Worked example 1 — nuking the largest-integer fantasy▸

Prove by contradiction: there is no largest integer.

Proof (by contradiction). Suppose, for contradiction, that there is a largest integer; call it $M$ . By "largest," $M \ge n$ for every integer $n$ .

But $M + 1$ is also an integer, and $M + 1 > M$ . So $M + 1$ is an integer strictly greater than the supposed largest integer $M$ — contradicting that $M$ is $\ge$ every integer.

This is a contradiction.
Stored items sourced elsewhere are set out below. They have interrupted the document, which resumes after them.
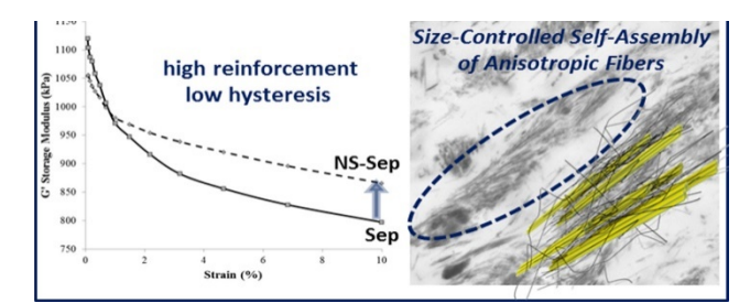
Fig.1 Storage modulus G' vs Strain of NS-Sep/SBR and schematic representation of NS-Sep self-Assembly

In this context, we explored a new approach to prepare PNCs based on nano-sized sepiolite (NS-Sep) fibres [1]. Pristine Sep was structurally modified by an acid treatment, which provides NS-Sep fibers with reduced particle size and increased silanol groups on the surface layer. NS-Sep fibers were used to prepare styrene-butadiene rubber (SBR) NCs with enhanced mechanical properties. Dynamic-mechanical analysis of Sep NCs demonstrated that the modified Sep fibers provided an excellent balance between reinforcing and hysteretic behavior compared with large-sized pristine Sep (Fig.1) and isotropic silica.
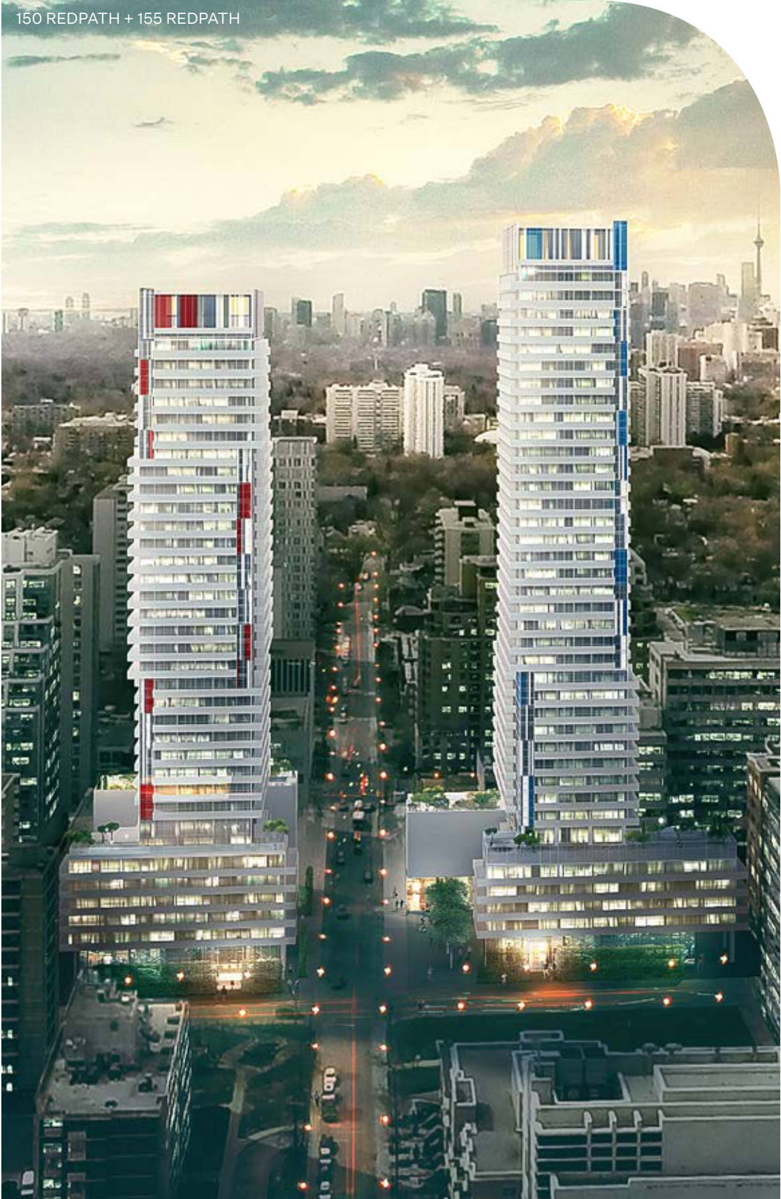
150 REDPATH + 155 REDPATH
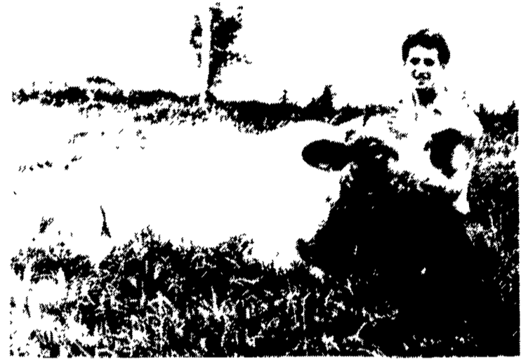
Although "Julia" died in March last year, her family continues with "Jewel," a just fresh Admiral daughter.

class leader in 1984 with a 3-year-old record of 20,073 pounds of milk and 1,102 pounds of fat.
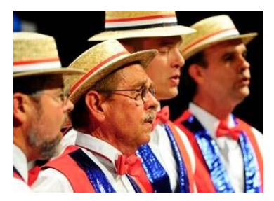
The Capital Chordsmen Bandwagon
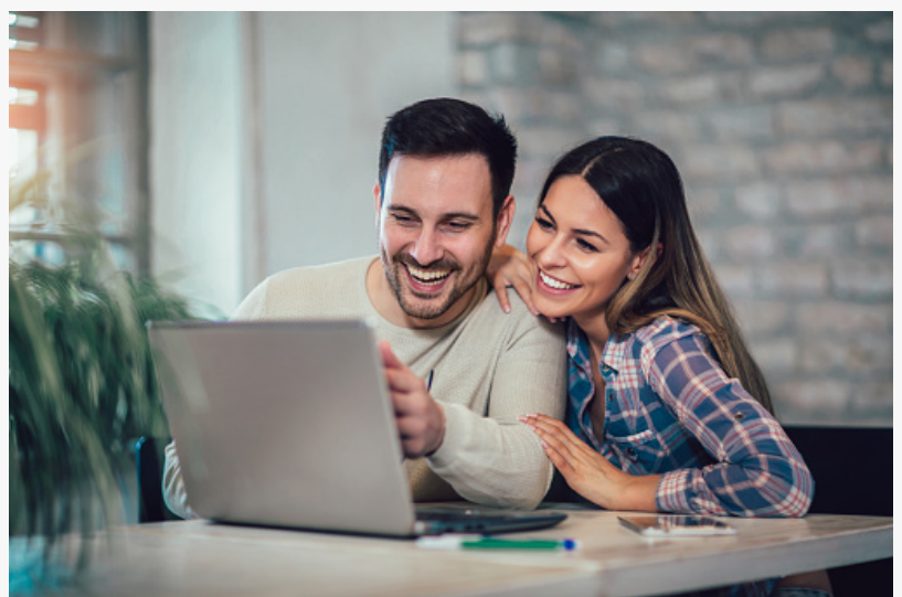
Tax Refund Estimator

User-Friendly Interface: Designed with simplicity in mind, the estimator offers a user-friendly interface that guides users through the process step by step. You don't need to be a tax expert to benefit from its insights.
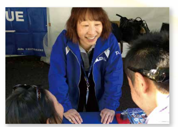
Outreach activities to disseminate information to athletes and the public
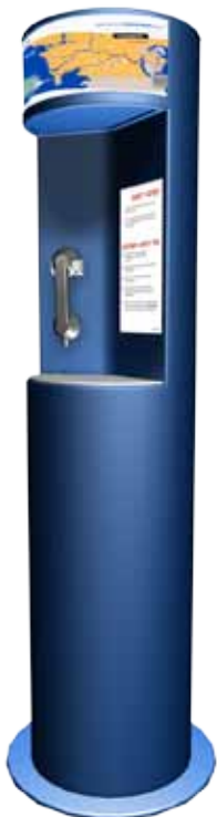
Janus *Telephone Kiosk

Parabit's Kiosk Telephones come in an array of finishes and colors. Please take a look at our website for additional information.
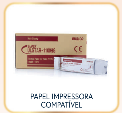
PAPEL IMPRESSORA COMPATÍVEL
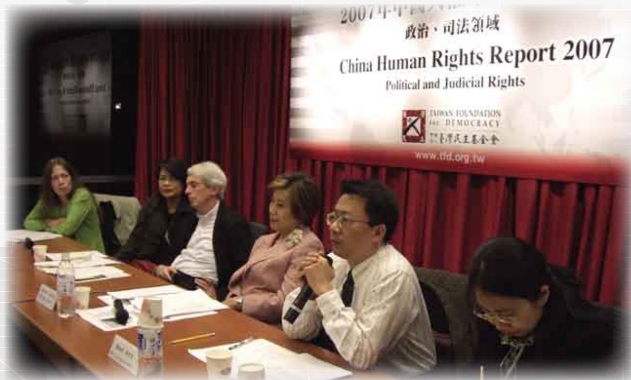
December 2007: Release of the China Human Rights Report 2007
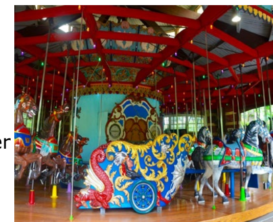
Carousel in Central Park, NY, centralparknyc.org

To book event, please visit https://www.centralpark.com/private-events/romantic-picnic-for-two/
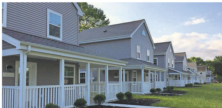
HELP Perry Point Veterans Village

When homeless veterans need help obtaining the aforementioned documents, upon being referred to the
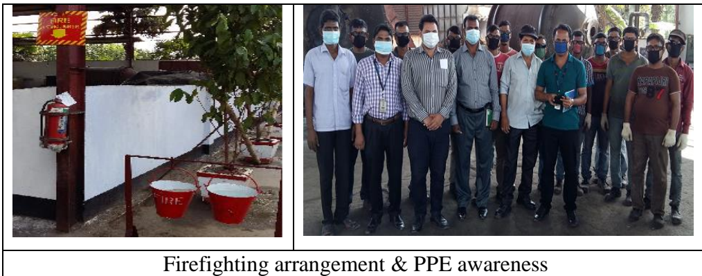
Firefighting arrangement & PPE awareness
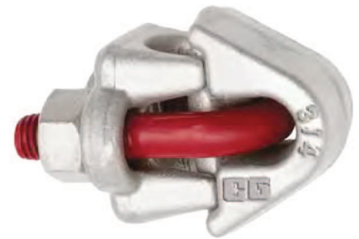
G-461 Thimble Eye Bundle Clip
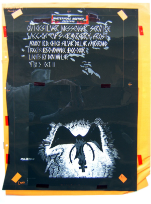
Fig. 11. Flat. Front showing windows cut out of opaque masking paper revealing negatives (left), back of flat showing cut pieces of negatives taped together (right). Jack Hatfield, poster for Quicksilver Messenger Service, Ace of Cups, and Cranberry Frost, 1967
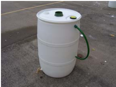
55-gallon food grade plastic barrel
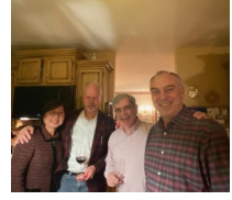
End of Year celebration
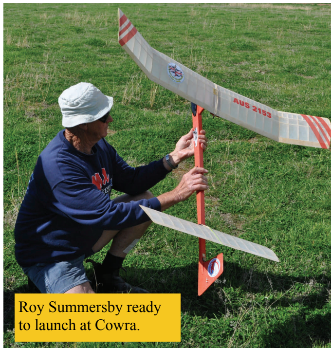
Roy Summersby ready to launch at Cowra.
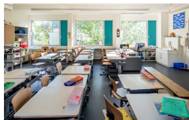
The spacious classrooms in the ZM10 school pavilion get plenty of daylight thanks to the large windows.

Therefore our assumption was false: there is no largest integer. $\blacksquare$

The assumption "there is a largest integer, $M$ " was the lever — it handed us a concrete object $M$ to break, and $M + 1$ broke it. That's the right time to use the chainsaw: the negation gave us something to grab.

Worked example 2 — sum of rational and irrational is irrational▸

Prove by contradiction: if $r$ is rational and $x$ is irrational, then $r + x$ is irrational.

Proof (by contradiction). Let $r$ be rational and $x$ irrational. Suppose, for contradiction, that $r + x$ is rational.

Then both $r$ and $r + x$ are rational, so write $r = a/b$ and $r + x = c/d$ for integers $a,b,c,d$ with $b, d \ne 0$ . Subtract: $x = (r + x) - r = \frac{c}{d} - \frac{a}{b} = \frac{cb - ad}{db}.$ The numerator $cb - ad$ and denominator $db$ are integers with $db \ne 0$ , so $x$ is a ratio of integers — i.e. $x$ is rational.

But we assumed $x$ is irrational. Contradiction. Therefore $r + x$ is irrational. $\blacksquare$

The key move: the differences and products of rationals are rational (closure), so assuming $r+x$ rational forces $x$ rational, colliding head-on with the hypothesis. The assumption was the lever; closure of $\mathbb{Q}$ did the breaking.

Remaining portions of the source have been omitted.